Болотников насмешливо взглянул на смутившегося Нагибу:
— Эх, Федя, твои «орлы», выходит, далеко не летают, хватают что ближе лежит.
— Так ему надо было сказать, — оправдывался атаман.
— А я не говорил? Да? Я орал, что еду к воеводе, а они мне по зубам, руки за спину и скрутили.
— Развяжи человека, Федор.
Нагиба развязывал ворча: «Я им сукиным детям… они у меня попляшут».
Фидлер потер занемевшие кисти рук. Болотников спросил:
— Так с чем ты ко мне пожаловал, мил человек?
— Пусть все выйдут, у меня дело весьма секретное.
— Это мои товарищи, у меня от них секретов нет. Это вот атаманы Нагиба и Заруцкий, а это мой писарчук Ермолай. Говори.
— Ну гляди, воевода, не пожалей посля, — вздохнул Фидлер. — Я, Каспар Фидлер, послан к тебе Шуйским отравить тебя.
— Ну-ка, ну-ка, — заинтересовался Болотников. — И каким образом?
— Вот. — Фидлер достал из-за пазухи берестяночку. — Здесь яд. Мне было приказано царем всыпать его тебе в вино или пиво.
— Ну-ка, дай мне взглянуть. — Болотников осторожно развернул берестянку. — Ну глядите, братцы, чем меня хотел уходить Шуйский. Ай сукин сын, ай подлец!
Атаманы склонились над берестянкой, кривились с сомнением.
— Обычный порошок. Ермолай, чего не смотришь?
— Та чего там смотреть, може, мел толченый альбо соль.
— Так лизни, — сказал весело Болотников, и все расхохотались.

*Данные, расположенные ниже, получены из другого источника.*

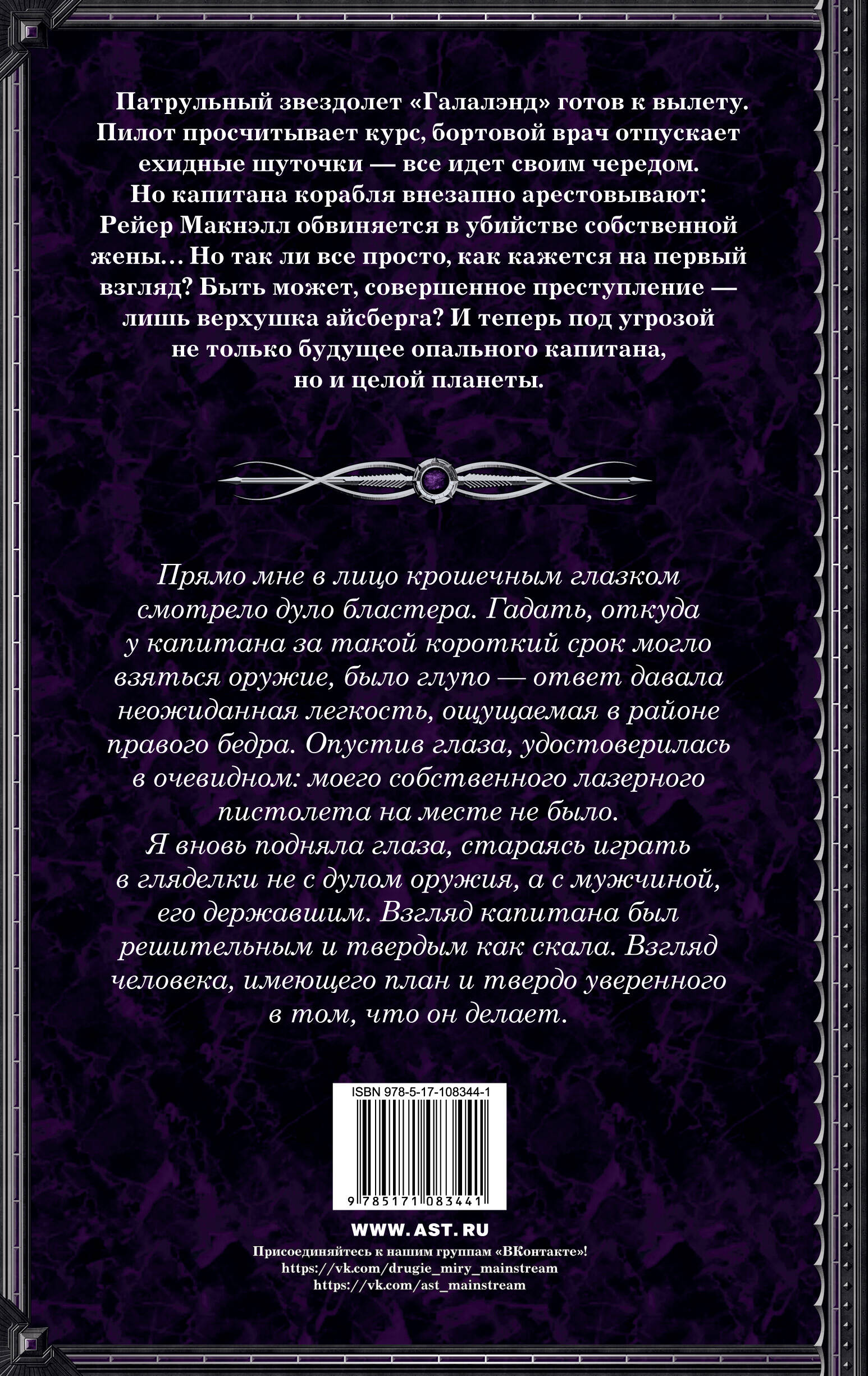 Патрульный звездолет "Галалэнд" готов к вылету. Пилот просчитывает курс, бортовой врач отпускает ехидные шуточки - все идет своим чередом. Но капитана корабля внезапно арестовывают: Рейер Макнэлл обвиняется в убийстве собственной жены… Но так ли все просто, как кажется на первый взгляд? Быть может, совершенное преступление - лишь верхушка айсберга? И теперь под угрозой не только будущее опального капитана, но и целой планеты.| Издательство | ИЗДАТЕЛЬСТВО "АСТ" |

— Не-е. Ще пожить хотца, — отвечал Ермолай, тоже улыбаясь.
— Возьми, сверни как было. Ну и что ж тебе, Каспар, было обещано за это? Какая награда?

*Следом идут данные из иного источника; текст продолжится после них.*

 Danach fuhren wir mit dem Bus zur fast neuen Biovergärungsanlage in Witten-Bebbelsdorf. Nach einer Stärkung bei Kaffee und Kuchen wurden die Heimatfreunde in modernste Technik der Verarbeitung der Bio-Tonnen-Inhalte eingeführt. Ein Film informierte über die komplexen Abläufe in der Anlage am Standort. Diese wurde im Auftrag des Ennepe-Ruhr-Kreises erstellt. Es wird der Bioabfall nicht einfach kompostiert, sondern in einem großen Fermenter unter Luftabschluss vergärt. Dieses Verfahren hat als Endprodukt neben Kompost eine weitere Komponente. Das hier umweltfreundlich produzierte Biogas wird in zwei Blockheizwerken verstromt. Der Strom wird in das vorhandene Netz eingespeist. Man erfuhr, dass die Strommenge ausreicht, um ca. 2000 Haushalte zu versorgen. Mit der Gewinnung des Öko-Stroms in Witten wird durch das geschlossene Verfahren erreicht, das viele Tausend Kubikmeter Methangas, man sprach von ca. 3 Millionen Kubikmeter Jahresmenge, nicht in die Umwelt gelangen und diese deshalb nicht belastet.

— Сто крестьянских душ и триста рублей жалованья ежегодно.
— У-у, щедро! А разве наперед он тебе ничего не дал?
— Дал коня, — отвечал Фидлер, не решившись сказать о деньгах: еще, чего доброго, отберут.
— Тут поскупился царь, поскупился, коня могут за любым углом отобрать.

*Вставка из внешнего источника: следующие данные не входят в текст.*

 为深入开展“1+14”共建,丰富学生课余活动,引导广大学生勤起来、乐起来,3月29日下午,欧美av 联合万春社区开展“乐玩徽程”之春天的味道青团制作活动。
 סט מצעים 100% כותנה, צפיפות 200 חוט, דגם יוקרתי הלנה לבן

— Это верно, пан воевода. Вон евоные орлы и отобрали.
— Это воротим. Федор, вели вернуть коня ему.
— Воротим, Иван Исаевич, о чем речь.
— А как же он поверил тебе, Каспар? — продолжал любопытствовать Болотников.
— Так я ж сам вызвался.
— Сам?
— Ну да, я давно хотел перейти к тебе… И к тому же клятву ему принес на кресте. Он и поверил.
— Ну клятве кто не поверит, — согласился воевода. — А вообще спасибо тебе, Каспар, за все.
— Не за что, пан воевода.
— Как не за что? А кто жизнь мне спас, разве этого мало? Ермолай, покорми человека, устрой.
Когда Ермолай с Фидлером ушли, Болотников взглянул на атаманов:
— Ну как вам мой отравитель?
— Не нравится он мне, — сказал Нагиба.
— Ну тебе ясно, почему не нравится, орлов твоих осрамил. А тебе, Иван Мартыныч?
— Черт его знает, поди разберись. Но вот что через крест переступил, это худо.
— Ты так думаешь?
— А чего думать? Вон Ляпуновы не присягали ли тебе. Где ныне?
— Этих поймаю, обоих повешу вместе с Пашковым. Не они б, я бы уже в Москве был.
— Вот сам и ответил на свой вопрос, — сказал Заруцкий, поднимаясь. — Пойду до своего куреня, там хлопцы галушки обещали сварить.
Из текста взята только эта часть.